Really? Is that why Gone Girl is generating so little awards buzz? Or why nobody is salivating over visions of Inherent Vice and Unbroken. Oh, wait. Those adaptations are helmed by visionary directors or written by important literary figures, so they get a pass. “Unoriginality” seems to be code here for “based on a property that kids might like or that are even the least bit fantastical.” Even the conversation around sequels is focused mostly on (you guessed it) comic book movies and series like Harry Potter and The Hunger Games. Richard Linklater’s “Before” trilogy didn’t collect accusations of pandering to a fan base or cashing in on the devotion of desperate obsessives.

The point here is of course not that those other films (and their source material) named don’t merit the gushing praise that they have received or will receive in the near future, only that merit is not theirs alone. Comic books are books, full stop. Some are serious and gritty and as heavy as any literary fiction, and some are funny, silly escapism (and still some are a combination of all those characteristics; these lines are not as starkly drawn as we might like to imagine). Some are good, some are bad. Like all art, comics contain multitudes. The same is true for comic book movies.

And so yes, I’m defending them, $1.3 billion and all. Because they’re not a plague upon Hollywood’s creativity. It’s not Captain America’s fault that studios are more reluctant to greenlight mid-budget films with a “serious” adult audience, and, in the same that way I’m tired of YA and “genre” novels getting run through the ringer by “serious” readers, I’m tired of a small but vocal contingent of generally intelligent people calling them vapid and dumping on the viewers (and, by extension, the readers) who love them.

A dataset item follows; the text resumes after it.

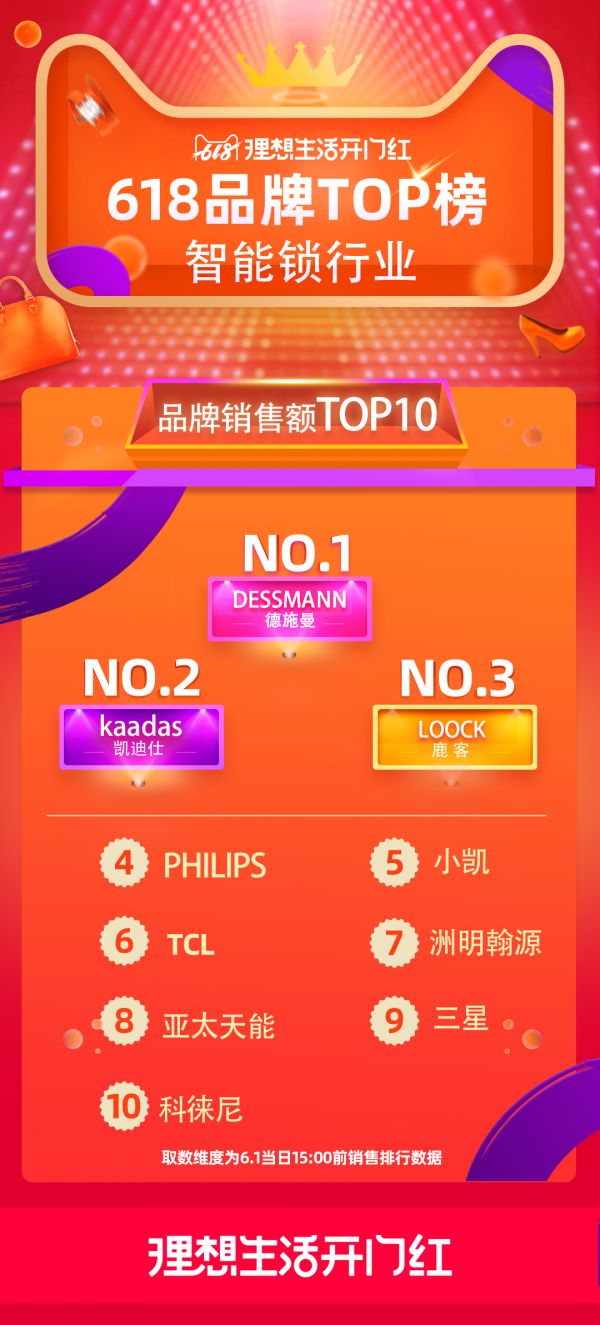 科徕尼智能锁 天猫618大促冲进指纹锁行业前10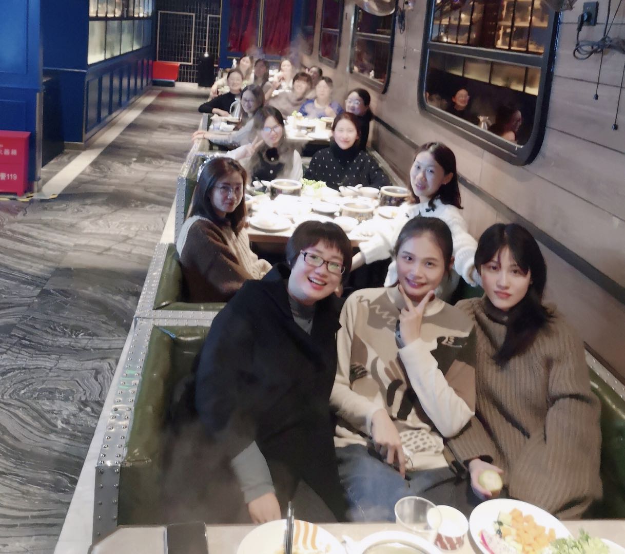 在结束上午的工作后,公司女教职工在党总支张斌书记的带领下前往聚餐地点,大家都表示吃得非常开心满意。

Sure, I might be better off not sweating any of this, instead just sitting back and watching the inevitable dominance of comics-based properties mopping up at the box office and knowing that these characters and stories I so enjoy are going to enjoy a long stay at the multiplex. But lazy arguments need to be called out, and it’s nothing but lazy to claim that Batman and Thor are ruining cinema. A healthy film industry isn’t an either/or proposition; there’s room at the table for auteurs and Oscar-bait right next to arc reactor technology, web shooters, and lassoes of truth.

So scoot over, ’cause comic book movies are awesome, and thankfully, they aren’t going anywhere.

*That’s between Guardians of the GalaxyCaptain America: The Winter SoldierX-Men: Days of Future PastThe Amazing Spider-Man 2Teenage Mutant Ninja Turtles, and 300: Rise of an Empire.